=== Exercise prompt ===
Taking the line that contains "如果你是我们海关数据的会员,那就还能顺手" as the start and the last line of the data as the end, repeat exactly every line in that span, but no pictures.

=== Records shown ===
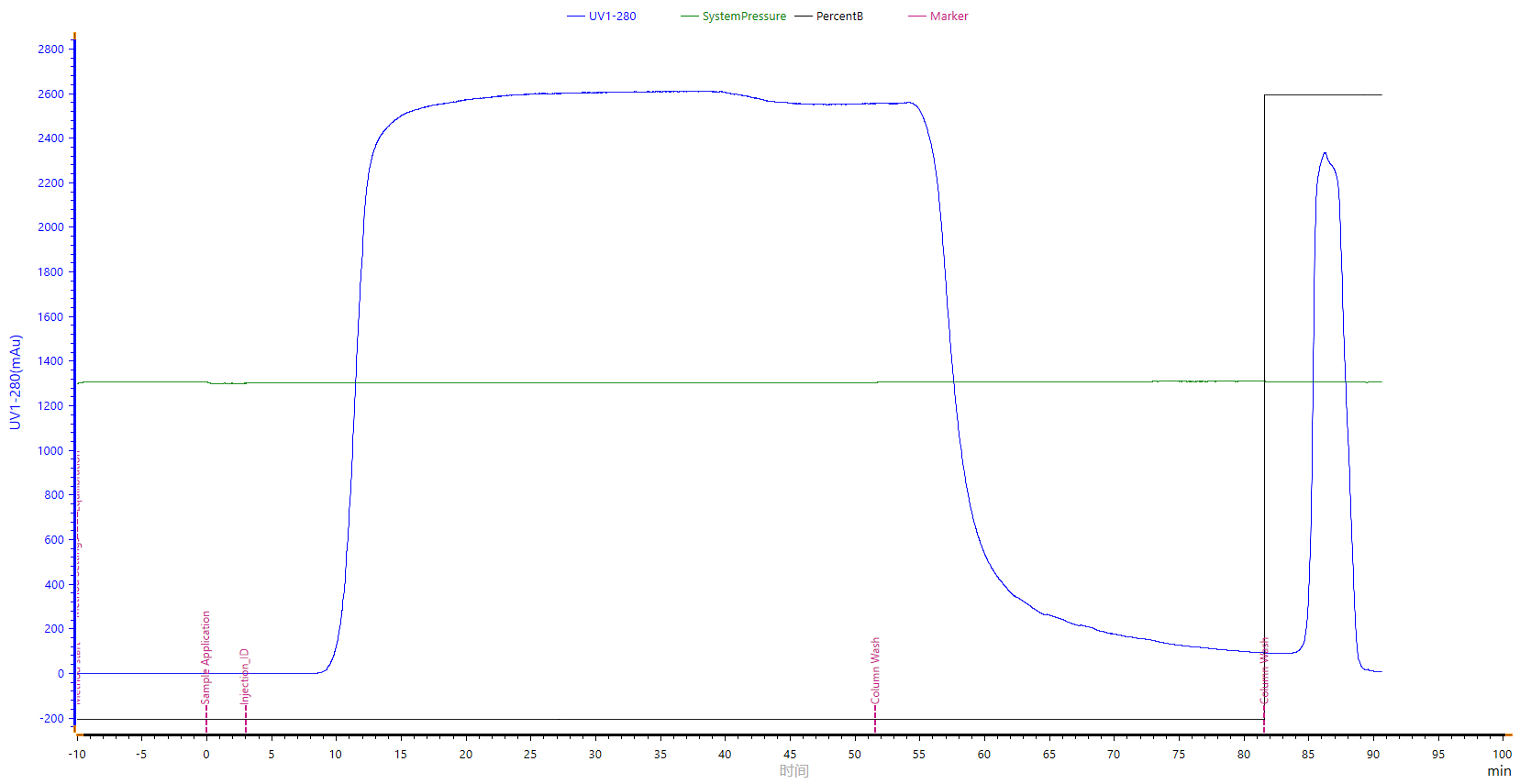 純化過程:取3 mL的Protein A Agarose裝填于1*10 cm的HiQumn?CTN35玻璃層析柱中,使用至少10 CV的緩沖液A平衡柱子,流速1 mL/min進樣,緩沖液A淋洗至基線平穩,緩沖液B進行洗脫,收集200 mAu以上部分,并立即使用緩沖液C進行中和。
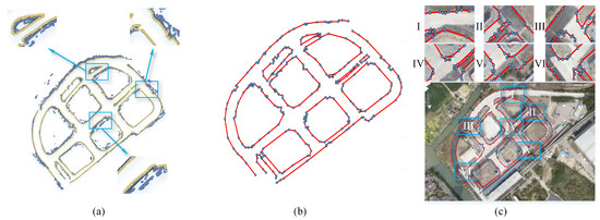 Figure 13a shows the aligned global road boundary points and the extracted innermost points. Figure 13b is the result of vector-based mapping. Detailed examples can be found in Figure 13c. In Figure 13c-I, the asphalt road merged to the road under construction (shown as the light gray area); therefore, no separating boundary can be mapped. The same case can be found in Figure 13c-VI. In Figure 13c-II, all the road boundaries, even the narrow pedestrian path, are mapped. In Figure 13c-III, IV and V, zigzag boundaries are present on the road corners. This result is due to the alignment errors in some corners, as seen by thick yellow points in blue boxes in Figure 13a. The reason could be the multiple reflections from glass and uncorrected matching errors.
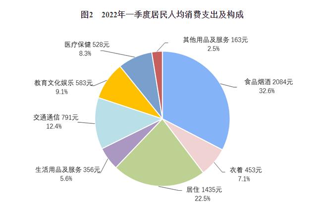 據(jù)悉,一季度,全國(guó)居民人均消費(fèi)支出6393元,比上年名義增長(zhǎng)6.9%,扣除價(jià)格因素影響,實(shí)際增長(zhǎng)5.7%。分城鄉(xiāng)看,城鎮(zhèn)居民人均消費(fèi)支出7924元,增長(zhǎng)5.7%,扣除價(jià)格因素,實(shí)際增長(zhǎng)4.4%;農(nóng)村居民人均消費(fèi)支出4388元,增長(zhǎng)8.6%,扣除價(jià)格因素,實(shí)際增長(zhǎng)7.8%。一季度,全國(guó)居民人均食品煙酒消費(fèi)支出2084元,增長(zhǎng)4.9%,占人均消費(fèi)支出的比重為32.6%;人均衣著消費(fèi)支出453元,增長(zhǎng)3.6%,占人均消費(fèi)支出的比重為7.1%;人均居住消費(fèi)支出1435元,增長(zhǎng)6.7%,占人均消費(fèi)支出的比重為22.5%;人均生活用品及服務(wù)消費(fèi)支出356元,增長(zhǎng)4.8%,占人均消費(fèi)支出的比重為5.6%;人均交通通信消費(fèi)支出791元,增長(zhǎng)12.7%,占人均消費(fèi)支出的比重為12.4%;人均教育文化娛樂消費(fèi)支出583元,增長(zhǎng)6.9%,占人均消費(fèi)支出的比重為9.1%;人均醫(yī)療保健消費(fèi)支出528元,增長(zhǎng)9.1%,占人均消費(fèi)支出的比重為8.3%;人均其他用品及服務(wù)消費(fèi)支出163元,增長(zhǎng)17.1%,占人均消費(fèi)支出的比重為2.5%。
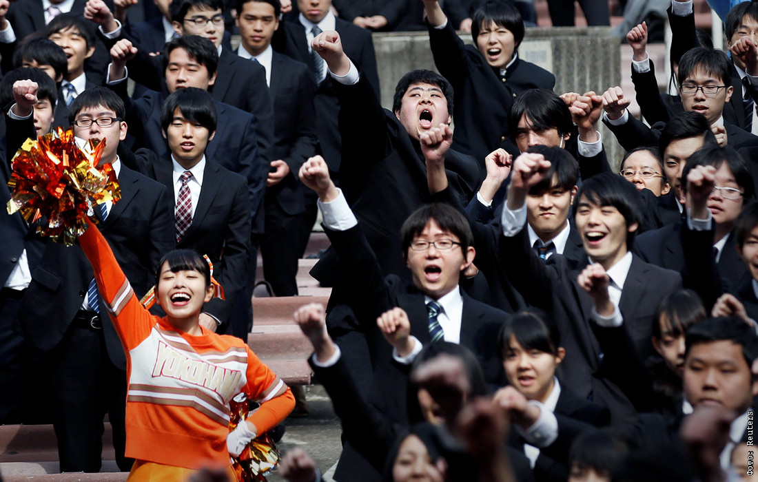 В Токио более тысячи выпускников японских вузов радостными криками и песнями встретили начавшийся в Японии ежегодный сезон поиска работы
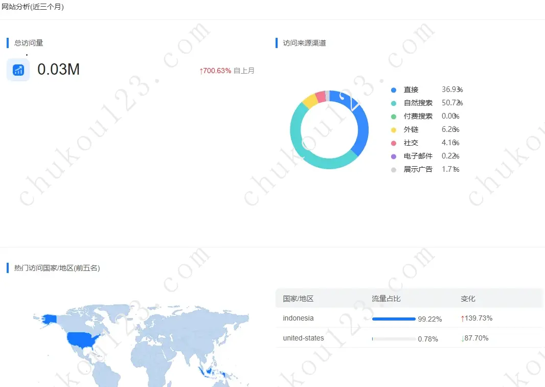 如果你是我们海关数据的会员,那就还能顺手做个客户背调,例如域名注册19年3个月,官网流量主要来自:印度尼西亚,有少量美国;每个月官网访问量0.03M,每个月有30000的次访问,很不错了哦!
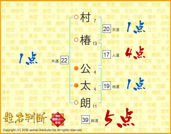 村(7画)椿(13画) 公(4画)太(4画)朗(11画)
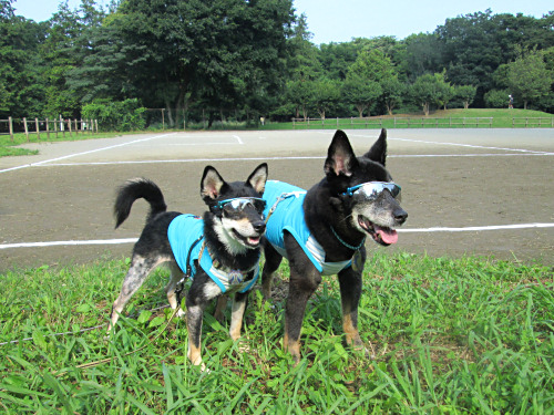 公園に行く途中で車の中から、アンクよりちょっと大きい黒い豆柴ちゃん発見。
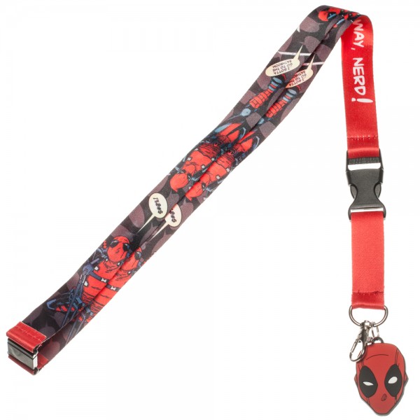 Produced in 2016 is this 18″ long metal, cloth and plastic red and black lanyard that is covered with comic art images of Marvel Comics Superhero Deadpool on one side and the phrase “Get outta de way NERD!” on the other. There is also a PVC 3D Deadpool head logo charm attached at the bottom along with a 3.75″ x 4.25″ open plastic badge holder with a peel off sticker of his head. It can be used to hold keys, name tags, membership and business cards and more. This is a mint, unused lanyard stored in a smoke and pet free environment.

=== Solved exercise ===
 如果你是我们海关数据的会员,那就还能顺手做个客户背调,例如域名注册19年3个月,官网流量主要来自:印度尼西亚,有少量美国;每个月官网访问量0.03M,每个月有30000的次访问,很不错了哦!
 村(7画)椿(13画) 公(4画)太(4画)朗(11画)
 公園に行く途中で車の中から、アンクよりちょっと大きい黒い豆柴ちゃん発見。
 Produced in 2016 is this 18″ long metal, cloth and plastic red and black lanyard that is covered with comic art images of Marvel Comics Superhero Deadpool on one side and the phrase “Get outta de way NERD!” on the other. There is also a PVC 3D Deadpool head logo charm attached at the bottom along with a 3.75″ x 4.25″ open plastic badge holder with a peel off sticker of his head. It can be used to hold keys, name tags, membership and business cards and more. This is a mint, unused lanyard stored in a smoke and pet free environment.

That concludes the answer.